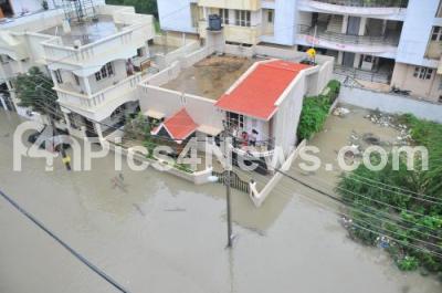 Photo Caption : Arial shot of the flooded roads and houses at Kodichikkanahalli, Bommanahalli, as Benglauru City received incessant rainfall, in Bengaluru on Friday 29th July 2016
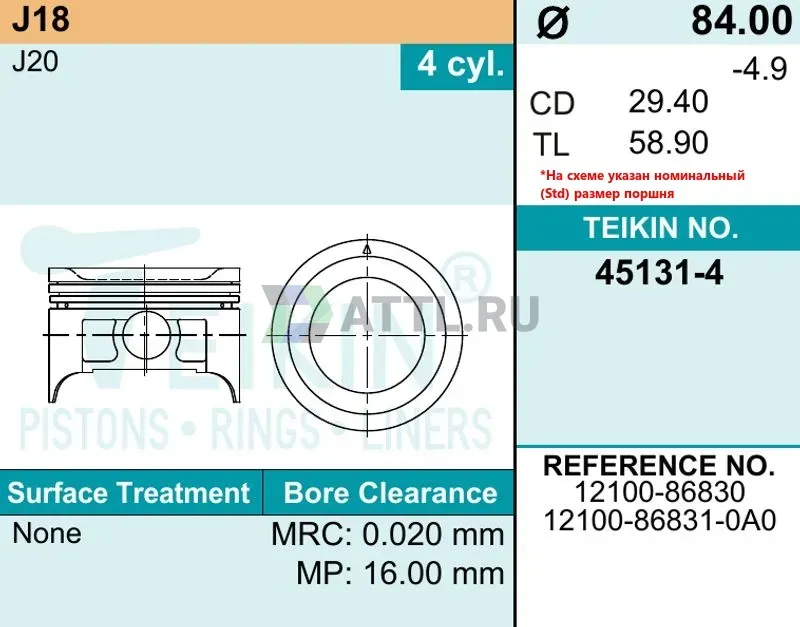 Высота поршня TL58.90
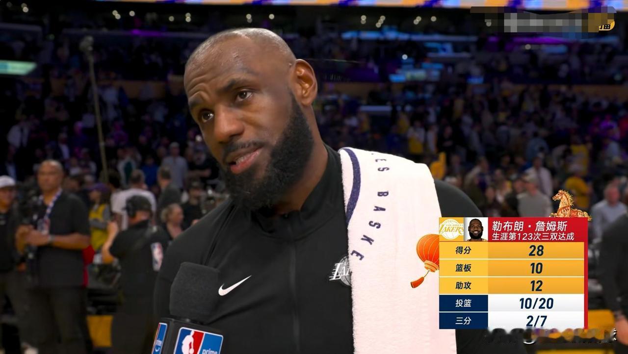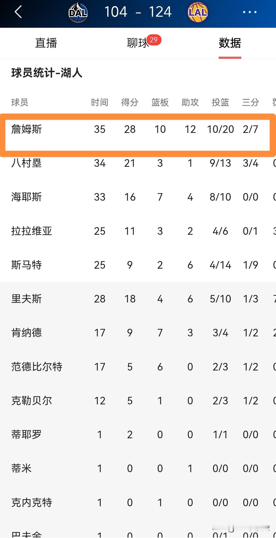我彻底的被湖人老将詹姆斯征服了!在今天湖人主场以124:104大胜独行侠的比赛中,41岁的詹姆斯豪取三双,成为了球队获胜的最大功臣。 全场比赛下来,詹姆斯首发出战35分钟,投篮20中10,其中三分球7中2、罚球7中6轰下28分10篮板12助攻1盖帽,没有出现任何的犯规,他的场上正负值为+6。 实事求是的说,当我亲眼目睹了詹姆斯的无解表现后,我彻底的被詹姆斯征服了。
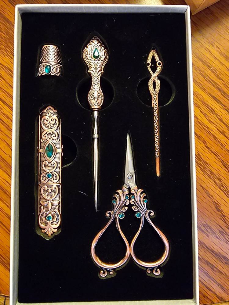 This elegant sewing set is more than just a collection of tools; it's a testament to the art of craftsmanship. Whether you're a seasoned sewer or a beginner, you'll appreciate the high-quality materials and the intricate design that harkens back to a bygone era. Each piece in this set is designed to provide a touch of sophistication to your sewing projects, making your crafting experience both enjoyable and inspiring.
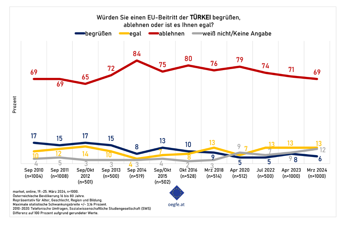 Na dnu lestvice je Turska, čije je pristupanje pozdravilo 6 odsto ispitanika u Austriji, što je smanjenje od 2 posto. Njih 69 odsto bilo je protiv članstva zemlje u EU, u poređenju sa 71 odsto prošle godine, 13 odsto nije zanimalo ovo pitanje, dok 12 odsto nije komentarisalo. Najveći nivo odobrenja za pristupanje Turske EU bio je 2015. godine (13 odsto), najveći nivo odbijanja bio je 2014. godine sa 84 odsto.
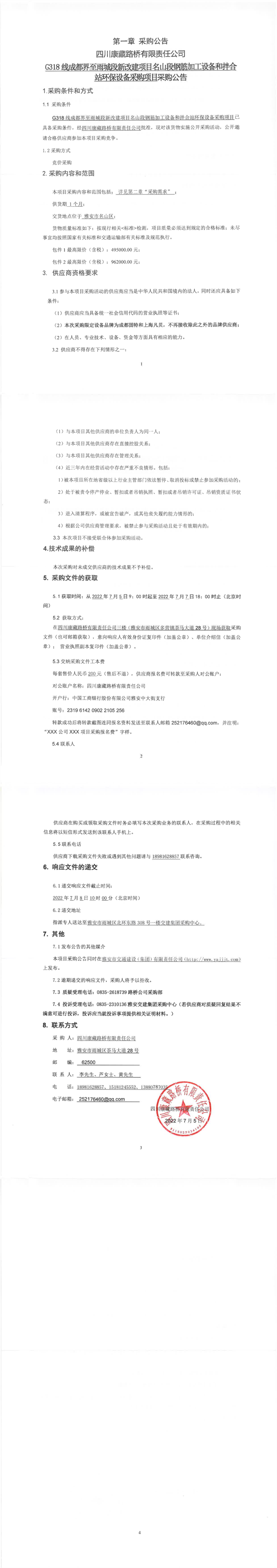 四川康藏路橋有限責任公司G318線成都界至雨城段新改建項目名山段鋼筋加工設備和拌合站環(huán)保設備采購項目采購公告
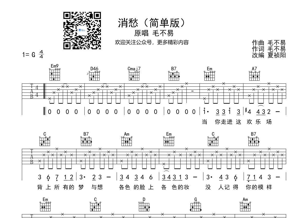 毛不易《消愁》吉他谱 - G调弹唱六线谱
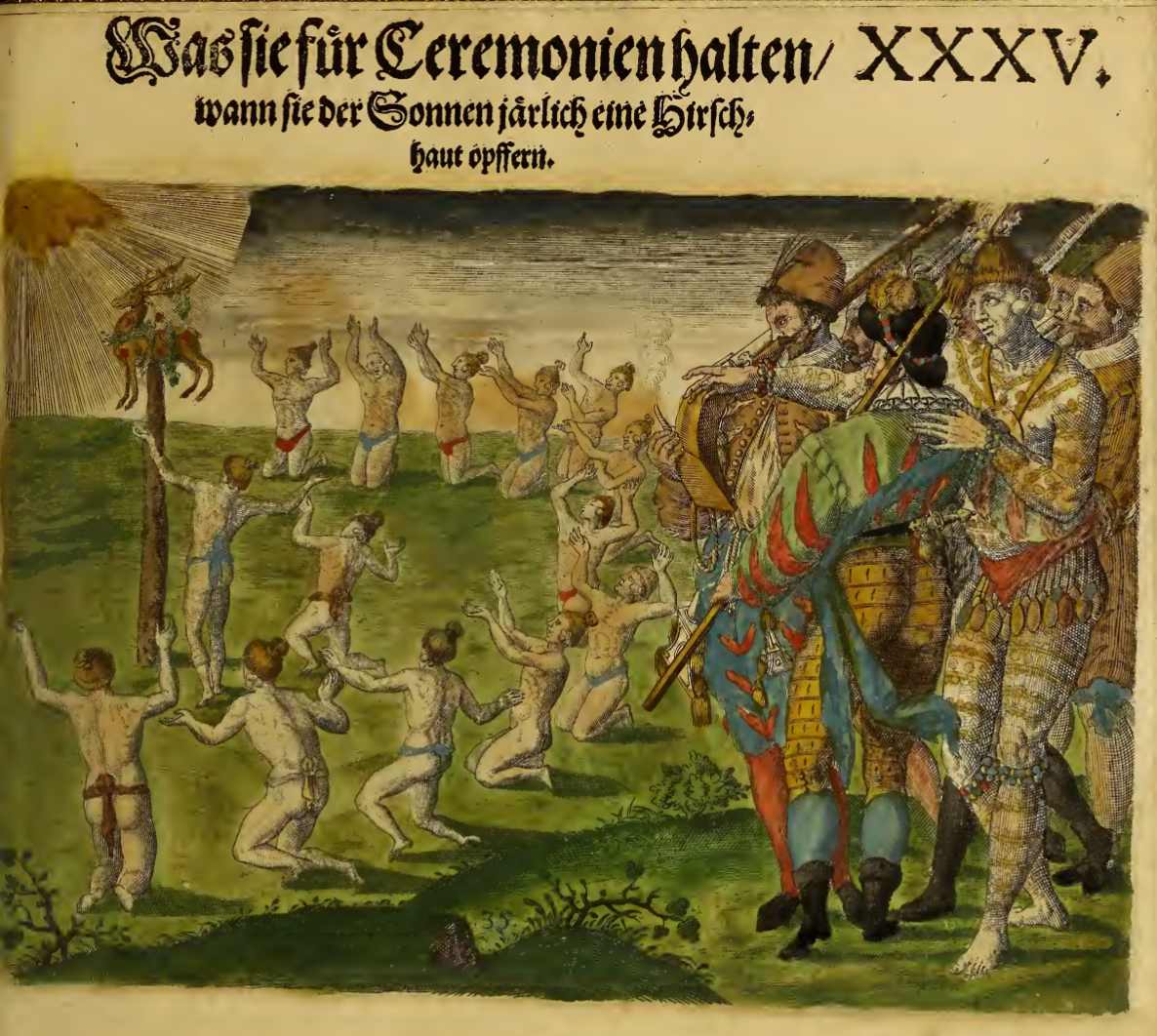 In the foreground, several colonists stand with an Indigenous man. The Indigenous man wears an adorned loincloth and bracelets around his wrists and knees. His skin is covered in tattooed or painted designs. To the left of the men, a group of Indigenous people kneel on the ground in a semi-circle with their arms outstretched or raised above their heads. At the center of the circle there is a log standing on end. Two Indigenous people are beside it, one standing and one kneeling, both with their arms raised. In the upper left corner, the sun is shown, with the remains of a deer in the sun beams. This illustration is identical to the one found on page 113 of Frankfurt 1591, but colored.
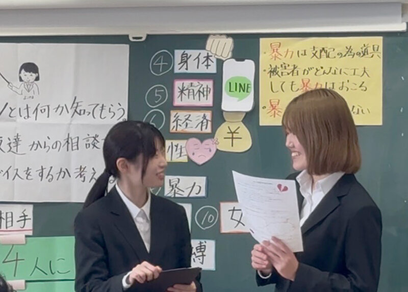 ご担当してくださった小林先生からは、「生徒たちが積極的に参加できたのは、学生さんのおかげです。」というお褒めの言葉をいただき、毎年好評の"学生からのメッセージ"の中で、『友達関係についても応用できる』と話したことにも触れ、「今日の学びがより一層の学びにつながった」とお話しくださいました。また、受講した生徒さんからは、「DVがある中、話し合いは難しいそう」、「どう対応したらいいのか考えた」、「過去に相談された内容が、デートDVだったかも」、「関わる相手を選んだ方がいい」など、それぞれの立場や経験から、問題意識を持って、じっくりと考える感想が多数寄せられました。
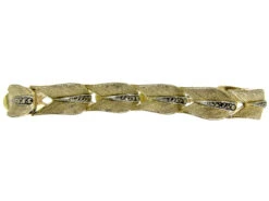 gilt bracelet designed and made by the firm of Theodor Fahrner. It is silver gilt and set with graded marcasites which are iron pyrites. It was made between 1920 and 1930. Fahrner was trained as a steel engraver, and was one of the pioneers of designer jewellery. He had freelance artists (designers) with ideas prepared by him working for him. He managed to turn the largely insignificant ring factory of his father in to one of the most creative jewellery companies in Europe.

WHAT THE TASK ASKS
In the listing above, find the line containing "Высота поршня TL58.90" and the line containing "毛不易《消愁》吉他谱 - G调弹唱六线谱", then return both of them and every line between, exactly, without pictures.

TASK RESPONSE
 Высота поршня TL58.90
我彻底的被湖人老将詹姆斯征服了!在今天湖人主场以124:104大胜独行侠的比赛中,41岁的詹姆斯豪取三双,成为了球队获胜的最大功臣。 全场比赛下来,詹姆斯首发出战35分钟,投篮20中10,其中三分球7中2、罚球7中6轰下28分10篮板12助攻1盖帽,没有出现任何的犯规,他的场上正负值为+6。 实事求是的说,当我亲眼目睹了詹姆斯的无解表现后,我彻底的被詹姆斯征服了。
 This elegant sewing set is more than just a collection of tools; it's a testament to the art of craftsmanship. Whether you're a seasoned sewer or a beginner, you'll appreciate the high-quality materials and the intricate design that harkens back to a bygone era. Each piece in this set is designed to provide a touch of sophistication to your sewing projects, making your crafting experience both enjoyable and inspiring.
 Na dnu lestvice je Turska, čije je pristupanje pozdravilo 6 odsto ispitanika u Austriji, što je smanjenje od 2 posto. Njih 69 odsto bilo je protiv članstva zemlje u EU, u poređenju sa 71 odsto prošle godine, 13 odsto nije zanimalo ovo pitanje, dok 12 odsto nije komentarisalo. Najveći nivo odobrenja za pristupanje Turske EU bio je 2015. godine (13 odsto), najveći nivo odbijanja bio je 2014. godine sa 84 odsto.
 四川康藏路橋有限責任公司G318線成都界至雨城段新改建項目名山段鋼筋加工設備和拌合站環(huán)保設備采購項目采購公告
 毛不易《消愁》吉他谱 - G调弹唱六线谱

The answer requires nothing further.